Simultaneously, international research has found that candidate-centric electoral systems are disadvantageous to women’s political representation (Thames and Williams 2010) and systems that cultivate clientelism, personalism and localism benefit male candidates, particularly in terms of campaign fundraising (Ballington 2003). Women are underrepresented in Irish politics - currently just 23 percent of the members of Dáil Éireann (lower house of parliament) and 25 percent of local councillors are women. To address the political underrepresentation of women, Ireland adopted a legislative party-based gender quota for national elections that came into effect in 2016, creating new opportunities for women, but in challenging the masculine norm that has traditionally defined Irish politics, it also has given rise to resistance.

Political Violence

Political violence occurs “when the goal of the violence is to affect political integrity and when the means by which the violence is conducted also violates the personal integrity of individuals involved in politics. Personal integrity can be violated by a range of acts and may be broadly categorised into physical and psychological violence (i.e. intimidation and threats) and can take place in the public or private sphere. Both forms of violence may have sexual connotations” (Bjarnegård 2018:690).

 

 

The Irish case-study

The survey population (2,141) consisted of any individual who contested the 2019 local elections or the 2020 general election in Ireland. The survey was conducted online. Research participants were invited to participate via email (where email address was known) or through a letter to their home address which contained a QR code to the survey. 362 usable responses were returned for a response rate of 16.9 percent. Women consisted of 38 percent of respondents which contrasts with 28 percent of the actual population, indicating a higher level of interest in the topic of the survey among female candidates.

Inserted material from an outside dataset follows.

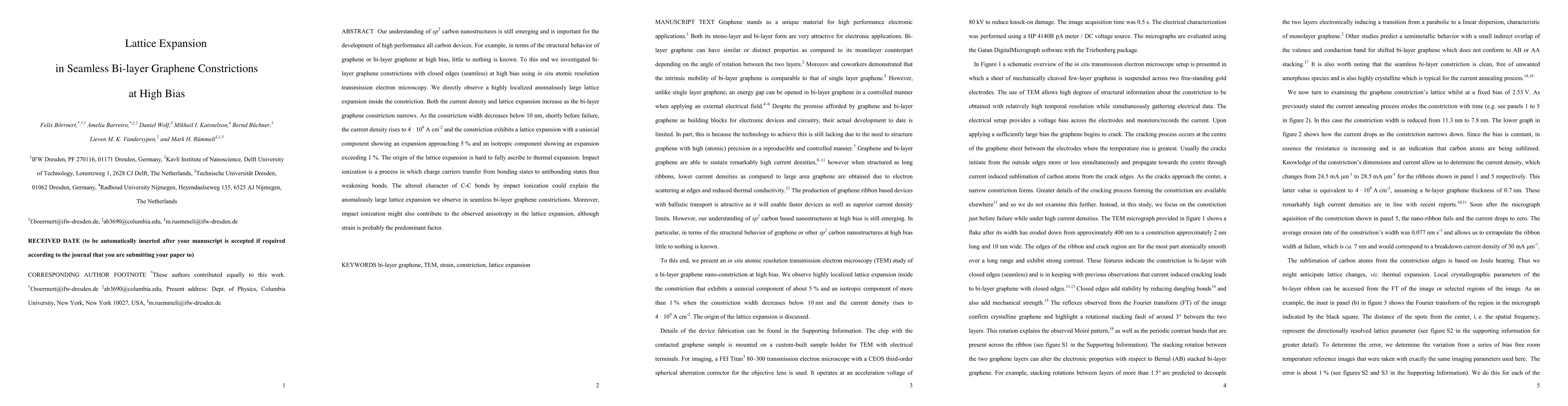 Our understanding of sp2 carbon nanostructures is still emerging and is important for the development of high performance all carbon devices. For example, in terms of the structural behavior of graphene or bi-layer graphene at high bias, little to nothing is known. To this end we investigated bi-layer graphene constrictions with closed edges (seamless) at high bias using in situ atomic resolution transmission electron microscopy. We directly observe a highly localized anomalously large lattice expansion inside the constriction. Both the current density and lattice expansion increase as the bi-layer graphene constriction narrows. As the constriction width decreases below 10 nm, shortly before failure, the current density rises to 4 \cdot 109 A cm-2 and the constriction exhibits a lattice expansion with a uniaxial component showing an expansion approaching 5 % and an isotropic component showing an expansion exceeding 1 %. The origin of the lattice expansion is hard to fully ascribe to thermal expansion. Impact ionization is a process in which charge carriers transfer from bonding states to antibonding states thus weakening bonds. The altered character of C-C bonds by impact ionization could explain the anomalously large lattice expansion we observe in seamless bi-layer graphene constrictions. Moreover, impact ionization might also contribute to the observed anisotropy in the lattice expansion, although strain is probably the predominant factor.

Survey respondents were asked about their experiences of political violence during the election campaign. Those who were elected were also asked to share any experiences they had encountered while serving in office. Most questions were closed-ended and focused on occurrences of 1) degrading talk or false rumours; 2) threats; 3) physical violence; and 4) property destruction. Respondents were also asked whether someone associated with them had experienced any form of intimidation because of their connection with the respondent.

What does political violence look like in Ireland?

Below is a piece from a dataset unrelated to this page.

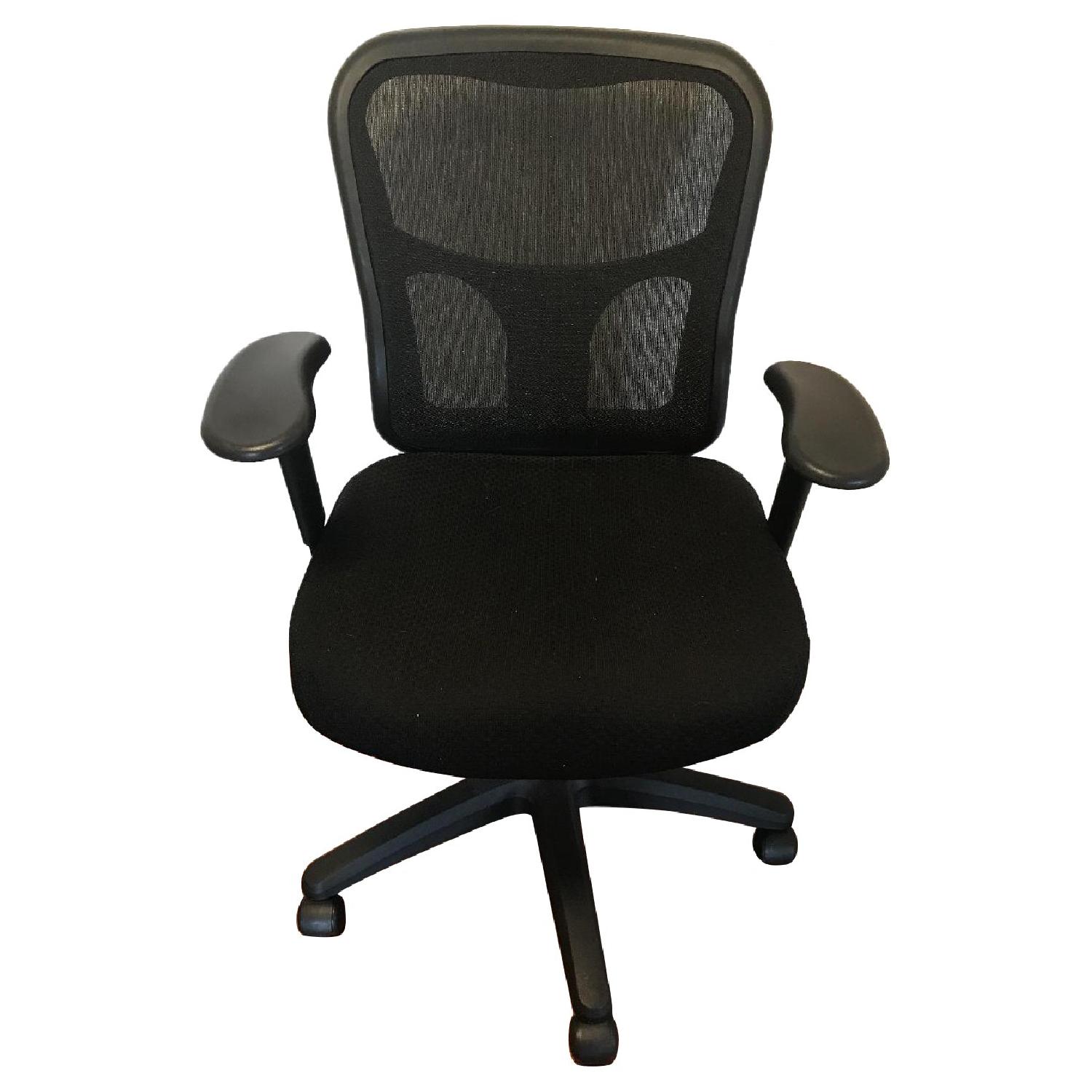 Seller's Notes:Very comfortable black desk chair with tempapedic seat, breatheable mesh back and solid construction.

When asked if violence and intimidation is a normal part of politics in Ireland, of those surveyed, 15.6 percent said ‘yes, it is part of politics’; 51.7 percent said ‘no, but it happens sometimes’; and 32.7 percent said ‘no, it is not a normal part of politics’. Overall, 75 percent of respondents have experienced at least one form of political violence, with most respondents experiencing two forms. While physical violence is uncommon (10.2 percent), some 67 percent of respondents have been subjected to degrading talk and false rumours, 36 percent have been threatened, 27 percent have experienced the destruction of property and 33 percent recall their associates being intimidated. On the whole, those running in the 2019 local election were less likely to experience violence than their counterparts contesting the 2020 general election. The table above presents data on how often respondents who experienced political violence encountered different forms of violence.

For people who were subjected to degrading talk or false rumours, these were sexual in nature in 40 percent of cases. For those who experienced threats, a quarter were sexual in nature. While instances of physical violence are low, when it occurs, it is typically non-sexual in nature (82.9 percent).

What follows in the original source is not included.